Chemical Structure & Class
Orciprenalline is structurally derived from isoproterenol (isoprenaline) but with a key modification: the hydroxyl groups are placed at positions 3 and 5 of the phenyl ring (resorcinol arrangement) instead of the catechol positions 3 and 4. This makes it a resorcinol bronchodilator, along with terbutaline and fenoterol.
Structural comparison: note the 3,5-dihydroxy (resorcinol) arrangement in metaproterenol vs the 3,4-catechol in isoproterenol - Katzung's Basic and Clinical Pharmacology
Mechanism of Action
Orciprenalline acts by stimulating beta-2 adrenergic receptors on bronchial smooth muscle, leading to:
- Bronchodilation - relaxation of bronchial smooth muscle, decreased airway resistance
- Suppression of mediator release (leukotrienes, histamine) from pulmonary mast cells
- Enhanced mucociliary clearance
- Decreased microvascular permeability
- Possible inhibition of phospholipase A2
The beta-2 selectivity is moderate - it is considered less selective than albuterol or terbutaline, making it more prone to cause cardiac stimulation (beta-1 effects) at higher doses.

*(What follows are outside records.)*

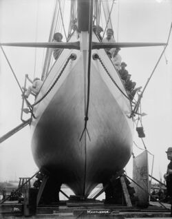 The sloop Mayflower was the second America's Cup defender designed by Edward "Ned" Burgess, built by George Lawley & Son and launched in 1886 for owner General Charles J. Paine of Boston. It was built entirely of wood: oak and hard pine. She was skippered by Martin V. B. Stone.[1]:p129 Her sails were made by John H. McManus of McManus & Son.[2]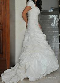Vendo abito da sposa in ottime condizioni, collezione Nicole, lavato e pronto per utilizzo. Taglia 40-42, come misure da foto. Compreso di velo lunghezza media, sottogonna con cerchio e stola a conchiglia. Prezzo di listino 2500 euro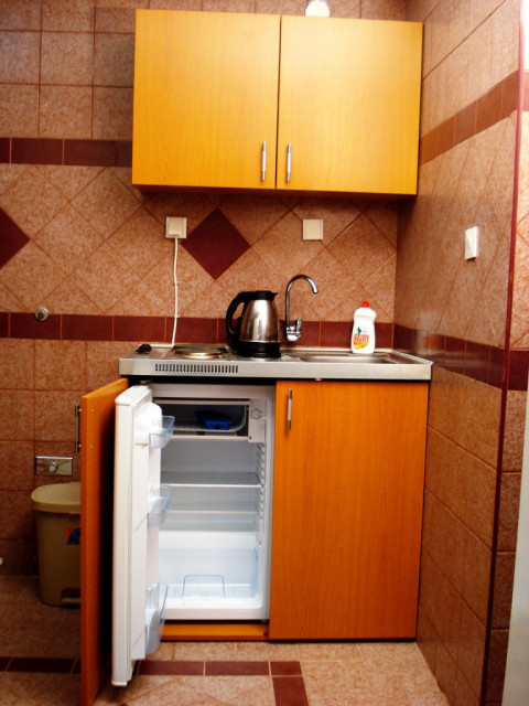 В STUD: французьке та односпальне ліжка, міні-кухня з необхідним посудом, кондиціонер, кабельне телебачення, інтернет, ванна кімната. Тераса - перед входом. Максимальна розміщення - 3 дор.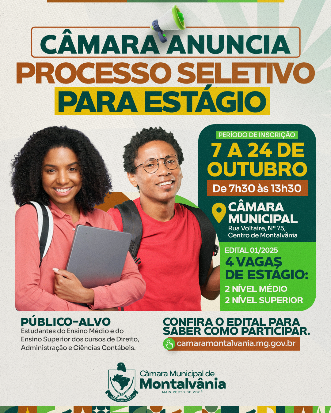 A Câmara Municipal de Montalvânia/MG, por meio de sua presidente, vereadora Renata Lima Abreu, torna público o Edital do Processo Seletivo para o Programa de Estágio,
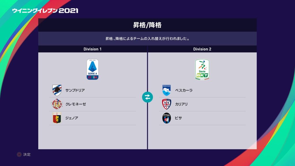 経営陣:「君の手腕はこんなものじゃないはずだ。来シーズン、クレモネーゼをセリエAの舞台に轟かせよう。」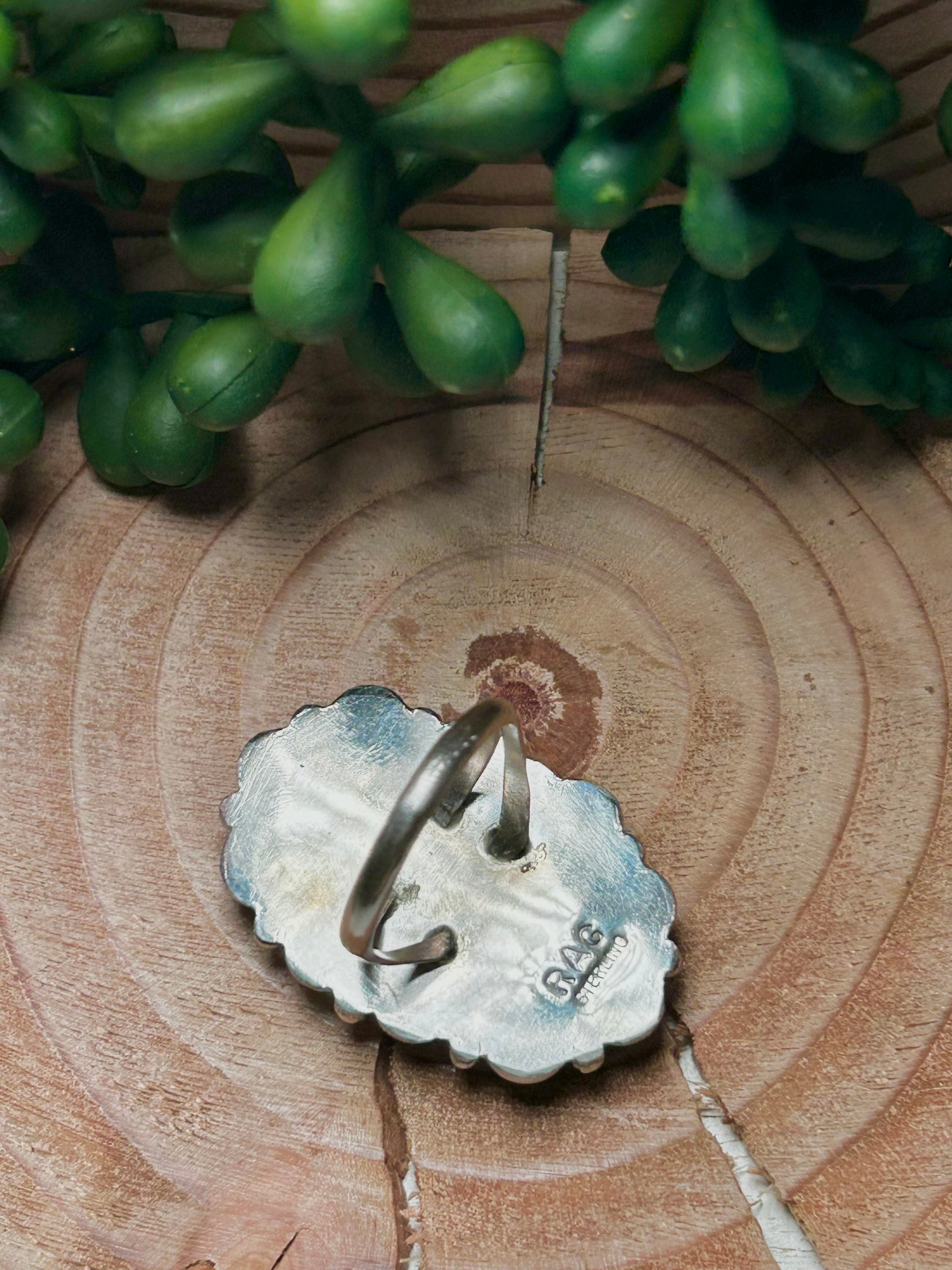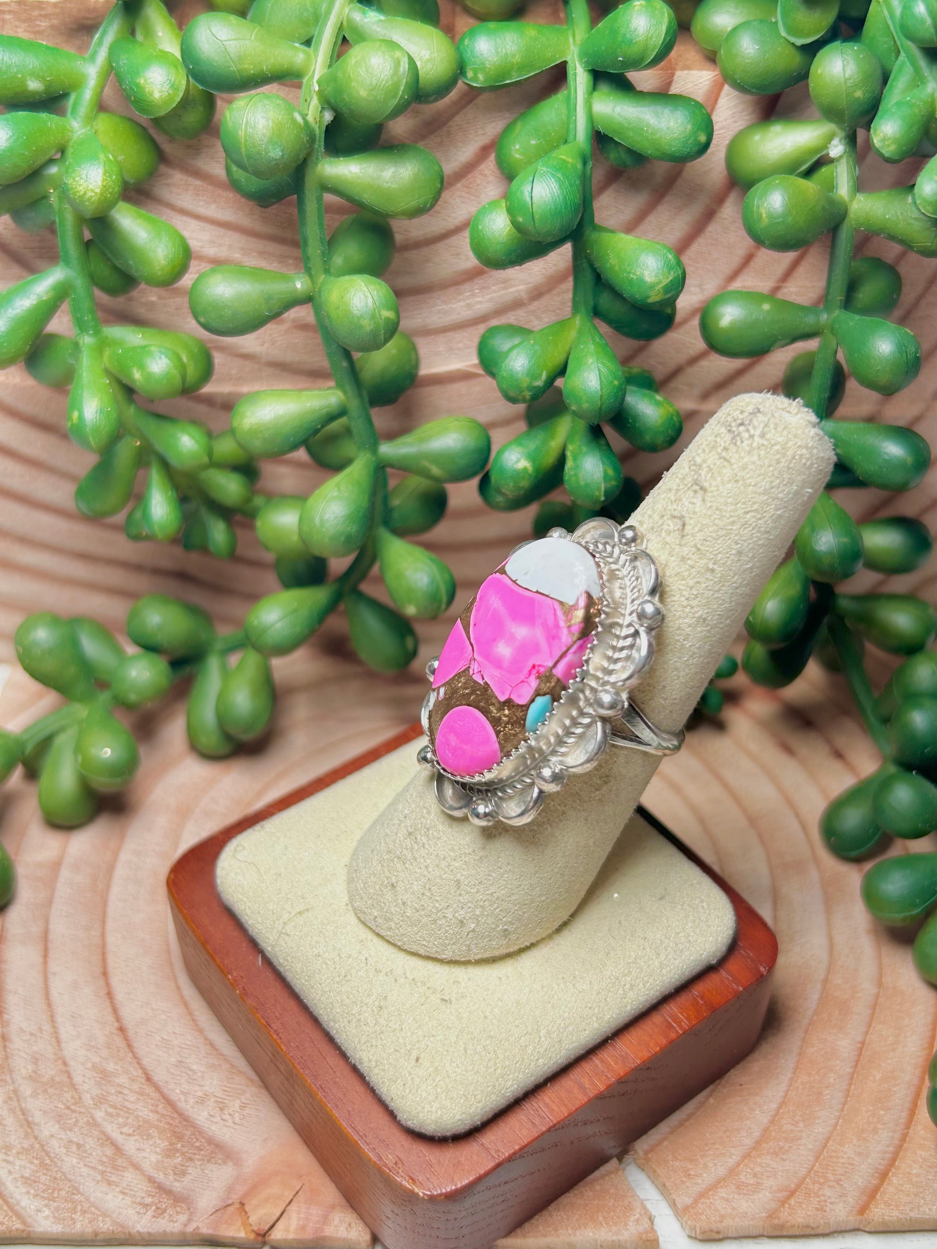 Navajo Made Cotton Candy Dahlia & Sterling Sliver Ring Size 7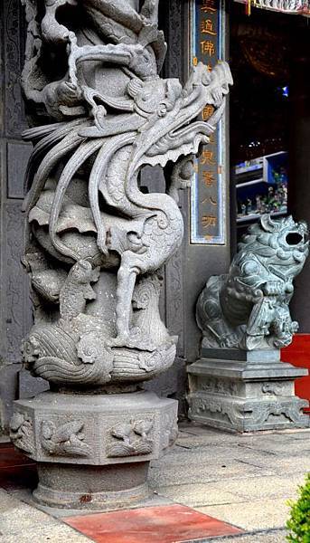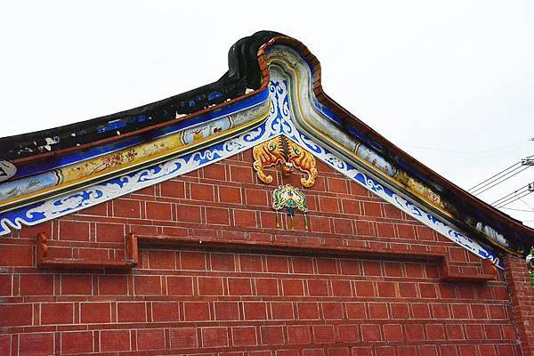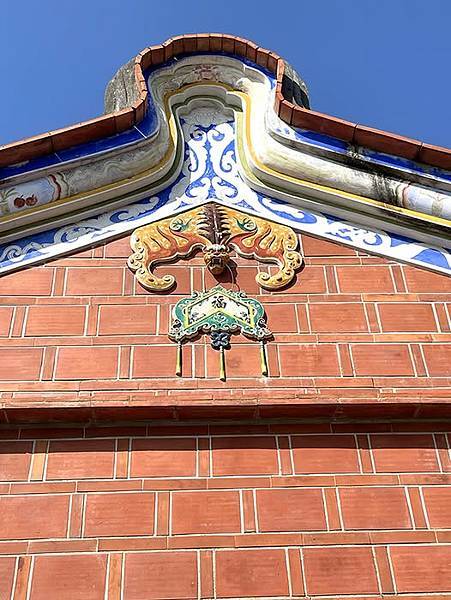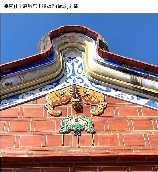 臺南佳里震興宮護龍蝠磬(福慶)脊墜與鳥踏 鳥踏,牆面2/3處凸出牆面之結構,用以承接雨水避免整個牆面濕透.因常見鳥類佇足行走,故稱鳥踏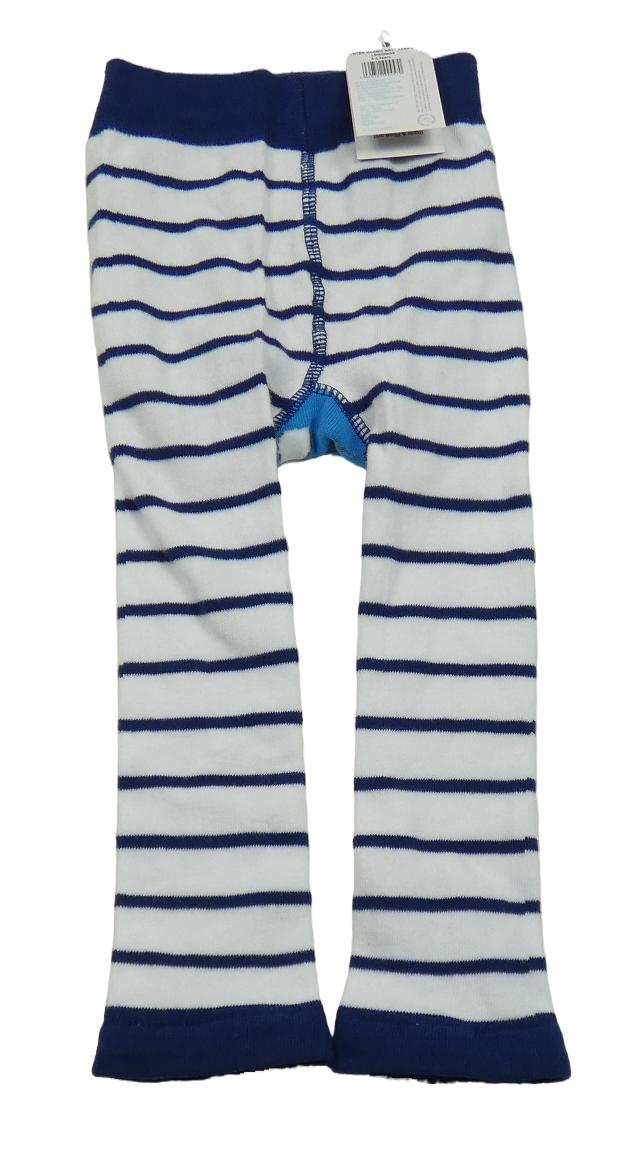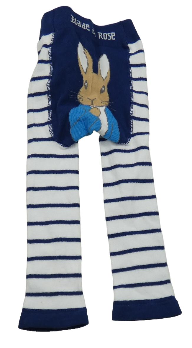 Nové - Bielo-tmavomodré pruhované pančuskové legíny s králikom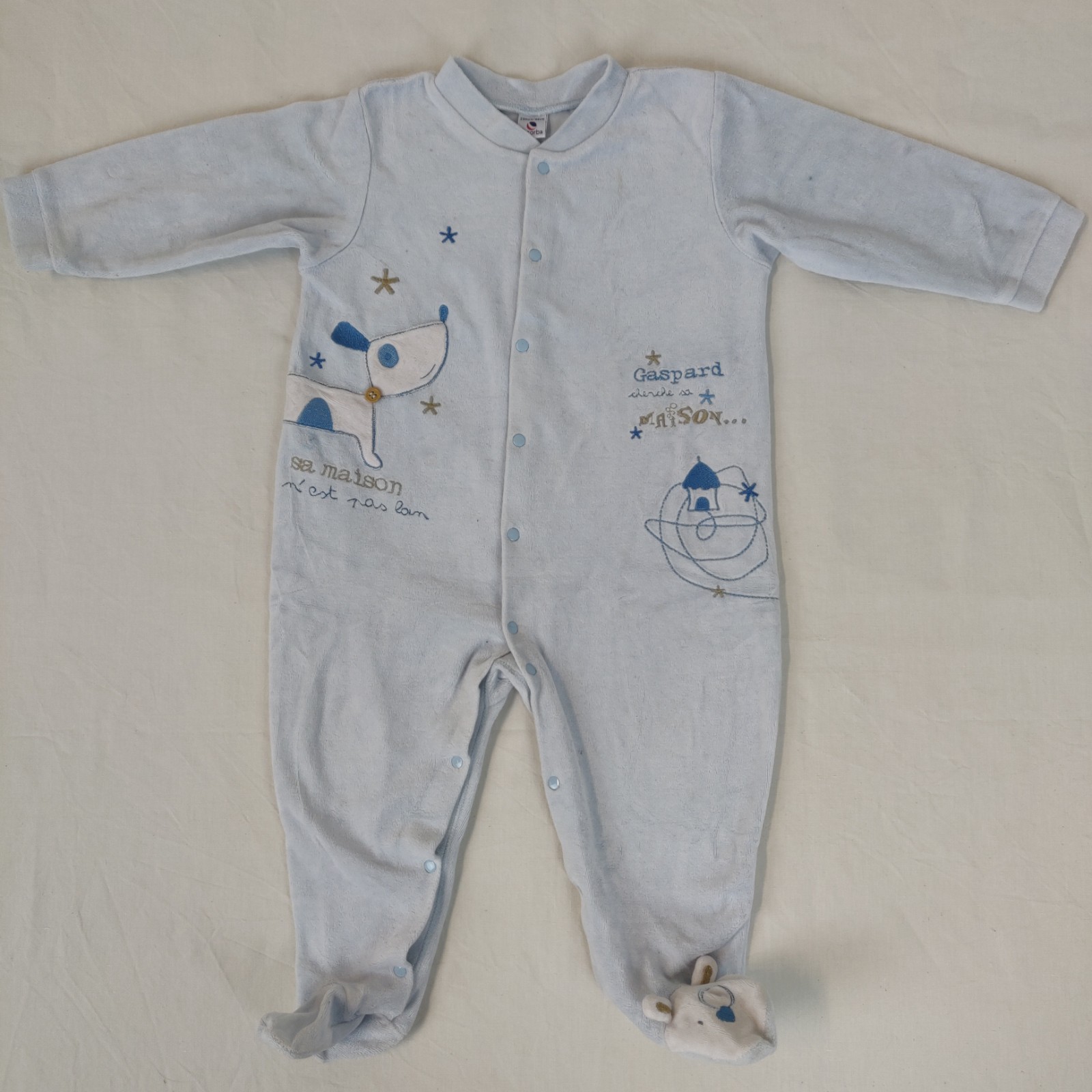 Autres commentaires : 23% polyester. Pyjama 1 pièce DORS-BIEN à manches longues et à pieds. Motifs centraux piqués petit chien cherchant sa niche accompagnés de l’inscription « Gaspard cherche sa maison. Sa maison n’est pas loin. » Ouveture pressionnée au devant. Légères tâches marrons sur le devant. Niveau réduit de fraise à myrtille.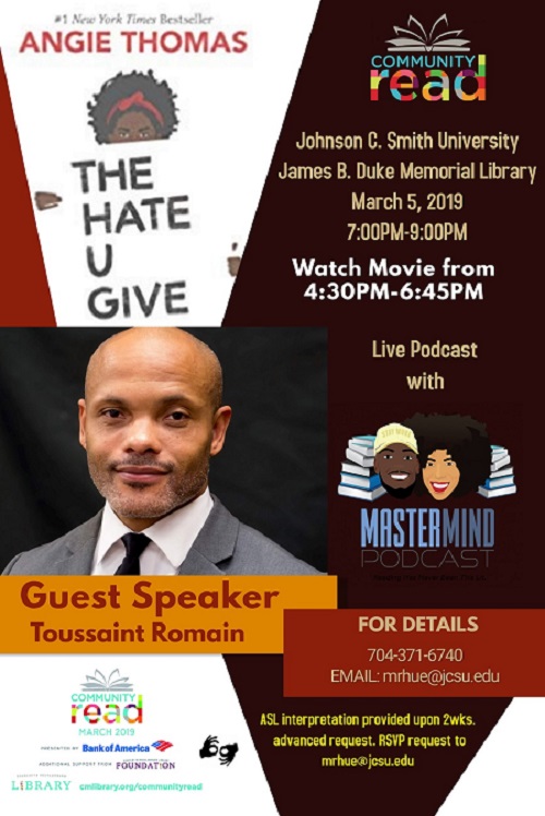 March 5, 2019: Johnson C. Smith University will host a book discussion and viewing of the movie, “The Hate You Give,” with a presentation by Toussaint Romain. The program will end with a Live Podcast with Mastermind Podcast to capture people’s comments and reactions to the book and movie. The movie and discussion will be held in the James B. Duke Memorial Library.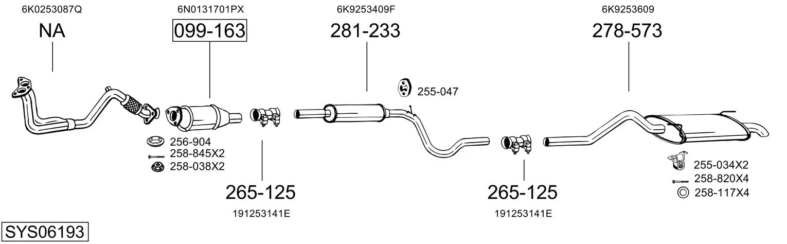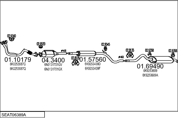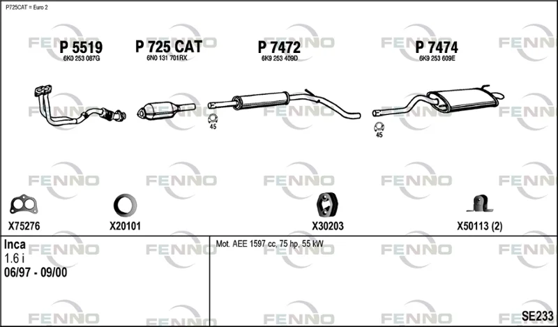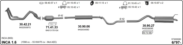 SEAT INCA (6K9) 1.6 i - Výfukový systém - kompletní od 6/1997 do 9/2000, 1598 ccm, 55 kW, 75 hp, AEE, ALM, karoserie/kombi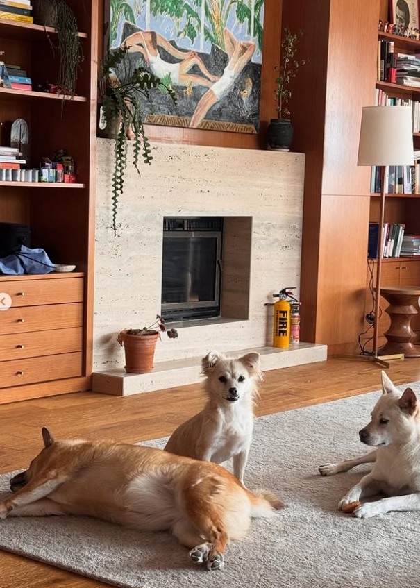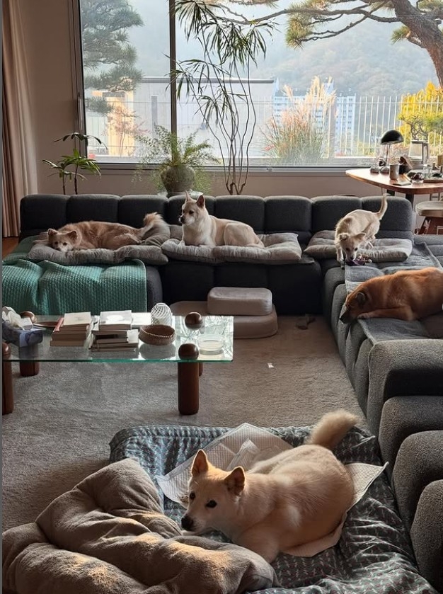 14일 “요즘”이라는 짧은 글과 함께 올린 사진에는 소파와 카펫 위로 반려견들이 늘어져 쉬는 모습, 큰 창으로 그림 같은 뷰가 펼쳐진 거실, 벽난로 앞의 온기가 고스란히 담겼다.

- Goodman & Gilman's Pharmacological Basis of Therapeutics
Pharmacokinetics
The resorcinol modification confers a major pharmacokinetic advantage:
- Resistant to COMT methylation (catechol-O-methyl transferase cannot act on it, unlike isoproterenol)
- ~40% oral bioavailability - a substantial fraction absorbed in active form after oral administration
- Not metabolized by MAO to a significant degree
- Excreted primarily as glucuronic acid conjugates
| Route | Onset | Duration |
|---|---|---|
| Inhalation | Within minutes | Several hours (3-4 h) |
| Oral | Slower (delayed) | 3-4 hours |
| Subcutaneous | Prompt | - |
- Goodman & Gilman's, Short-Acting beta Adrenergic Agonists section
Therapeutic Uses
- Asthma - acute bronchospasm and long-term management of obstructive airway disease
- COPD - bronchospasm relief; beta-2 selective drugs including metaproterenol are the preferred agents when administered as inhaled aerosols, especially in patients with cardiac disease
- Pulmonary function testing - used as a bronchodilator challenge agent in spirometry to assess reversibility of airflow limitation (a 15-20% improvement in FEV1 indicates reversible obstruction, as in asthma)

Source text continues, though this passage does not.